Researchers also conducted other experiments with randomly selected keywords that developed various original hypotheses on more efficient biomimetic micro -flow systems, increasing the mechanical properties of collagen -based scaffolding and interaction between graphene and amyloid fibers to create bioelectronic devices.
“The system was able to come up with these new, rigorous ideas based on the path from the knowledge chart,” says Ghafarollahi. “In terms of news and possibilities of use, the materials seemed solid and innovative. In future works we will generate thousands or tens of thousands of new research ideas, and then we can categorize them, try to better understand how these materials are generated and how they can be improved.”
In the future, scientists hope to enable new tools for downloading information and starting simulations to their frames. They can also easily mention foundation models within their framework to get more advanced models, enabling the system to adapt to the latest innovations in artificial intelligence.
“Due to the way these agents have influenced, the improvement of one model, even if it is small, has a huge impact on the general behavior and system output,” says Buehler.

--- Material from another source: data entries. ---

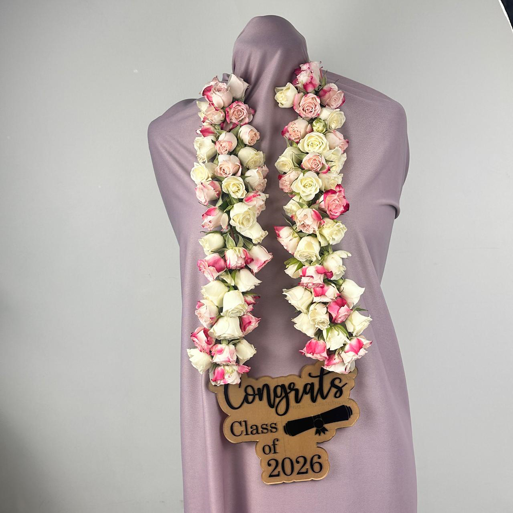A floral necklace filled with baby roses along with a Graduation topper.
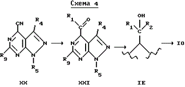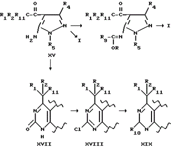 Как показано на схеме I, соединения формулы I, где R3 является группами, отличными от R9 (в будущем R10), могут быть получены реакцией соединения формулы I, где R3 представляет собой хлор, обозначенного на схеме I формулой VIII, с нуклеофилом формулы R10H с или без органического или неорганического основания. Пригодными основаниями являются натрий, гидрид натрия и гидроксид щелочного металла, такой как гидроксид калия, и слабые основания, такие как карбонат калия или триэтиламин. Последний обычно используют, когда R10H означает алканол, C1-C6алкантиол, амин, например NH(C1-C6алкил) или фторид тетрагидробутиламмония. Пригодными растворителями являются диметилсульфоксид, ацетонитрил, C1-C5алкилспирт тетрагидрофуран, бензол, толуол или хлористый метилен.
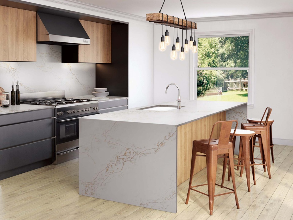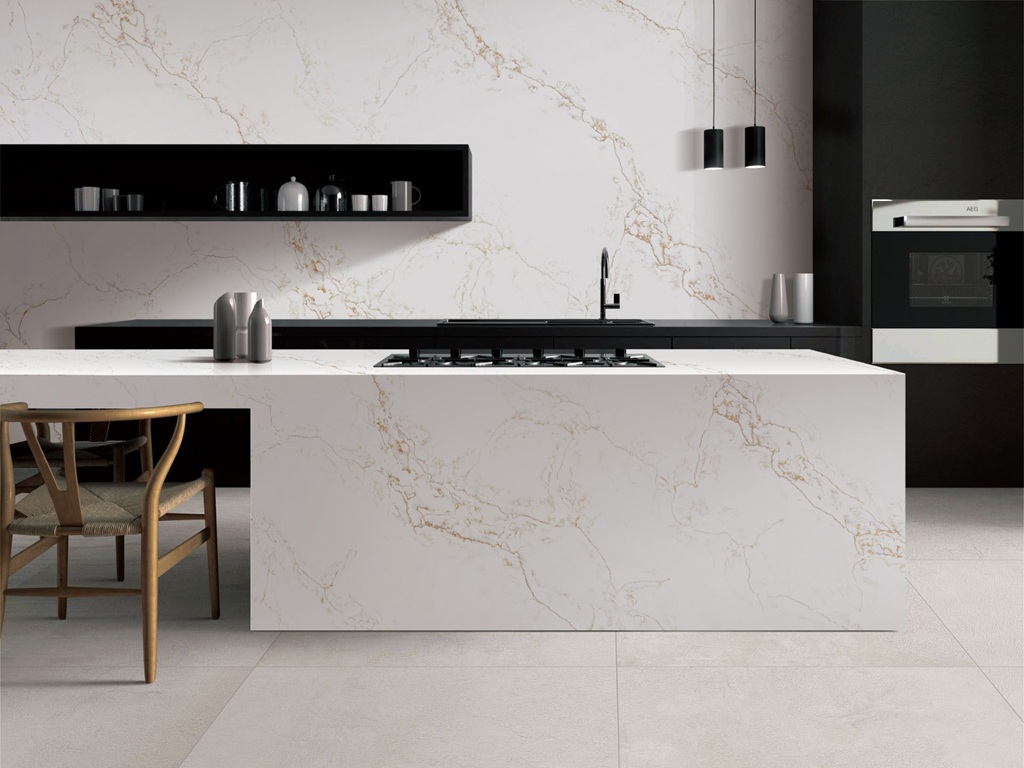 Calacatta Fantastico Quartz Nile Stone works particularly well in interiors that benefit from warmth and definition. The soft gold veining pairs naturally with matte black, deep charcoal, and warm timber cabinetry, while also remaining balanced alongside neutral finishes. Used on islands, waterfall ends, or full-height splashbacks, the slab’s flowing movement creates focal points that maintain visual continuity across connected surfaces.
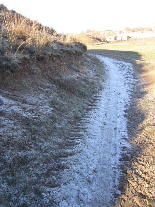 Un camino de tierra completamente helado,
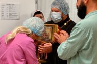 Вечером, после совершения торжественного молебна с акафистом, председатель Отдела социального служения и благотворительности, настоятель Знаменского храма иерей Леонид Бартков торжественно перевез святыню из Покровского храма в часовню святых преподобномучениц Великой княгини Елисаветы и инокини Варвары, расположенную на территории Окружной клинической больницы. Здесь, в тишине и благоговении, пациенты стационара, медицинский персонал и их родственники смогли в частном порядке приложиться к святыне и излить свои скорби в молитве к Царице Небесной.
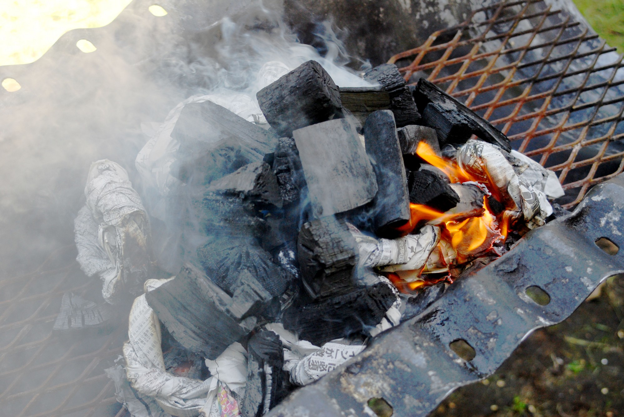 この新聞紙の上に着火剤や木炭などを積んで火をつけます。着火の際は一番下に敷いた新聞紙に火をつけることで、全体にムラなく効率的に火をつけることができます。
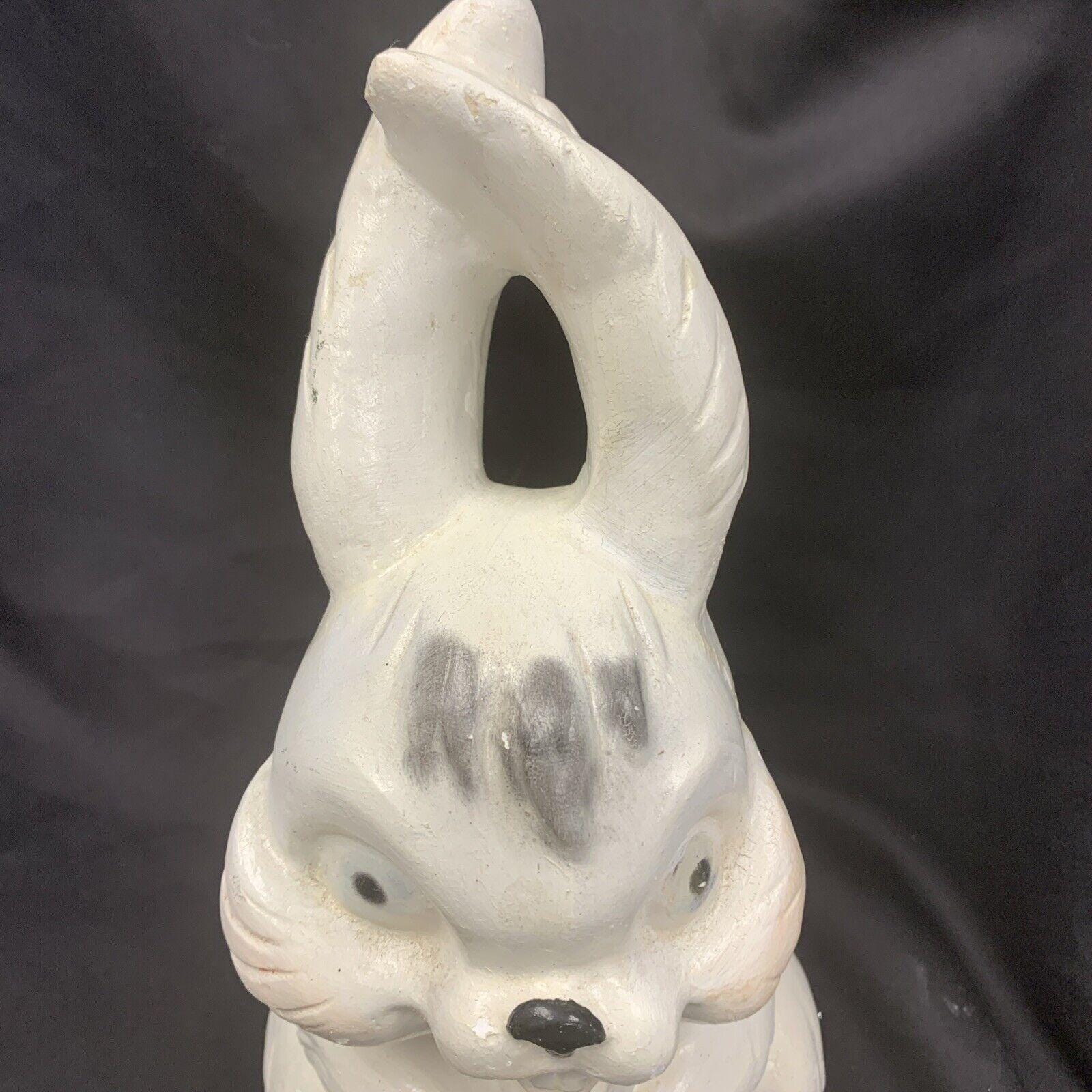 This vintage Easter decoration features a white rabbit and a coin bank. Great vintage decor for the holiday season!
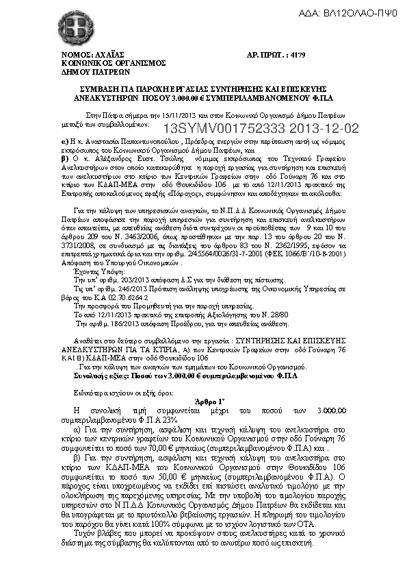 1. ΣΥΜΒΑΣΗ ΓΙΑ ΣΥΝΤΗΡΗΣΗ ΚΑΙ ΕΠΙΣΚΕΥΗ ΑΝΕΛΚΥΣΤΗΡΩΝ
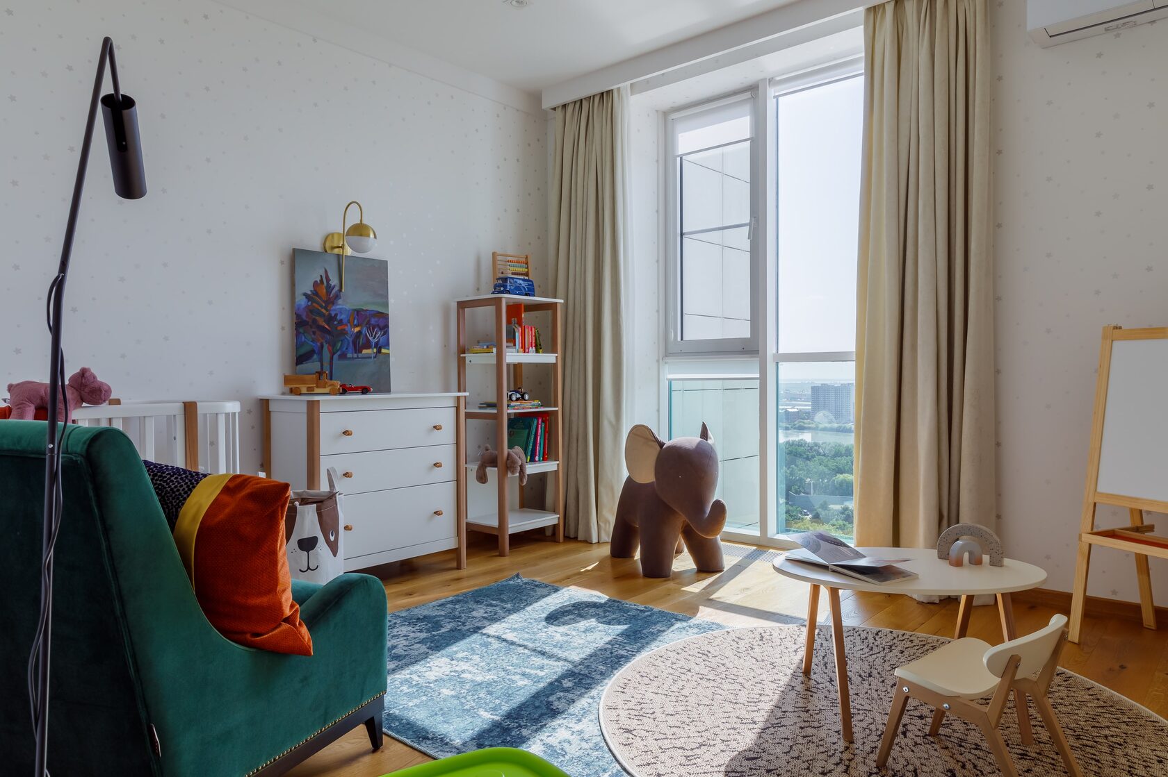 Я предложила Заказчикам несколько вариантов моря. Гостиная – помещение активного времяпрепровождения – цветовая гамма жаркого курорта в солнечный день.

Since the publication of Open Source, the researchers have contacted hundreds of people interested in using frames in various scientific fields, and even areas such as finance and cyber security.
“There are many things that you can do without having to go to the laboratory,” says Buehler. “You want to go to the laboratory at the very end of the process. The laboratory is expensive and takes a lot of time, so you want a system that can deeply view the best ideas, formulate the best hypotheses and accurate predictions of rising behavior. Our vision is to facilitate this in use so that you can use the application to introduce other ideas or pull other ideas or stretch in models.”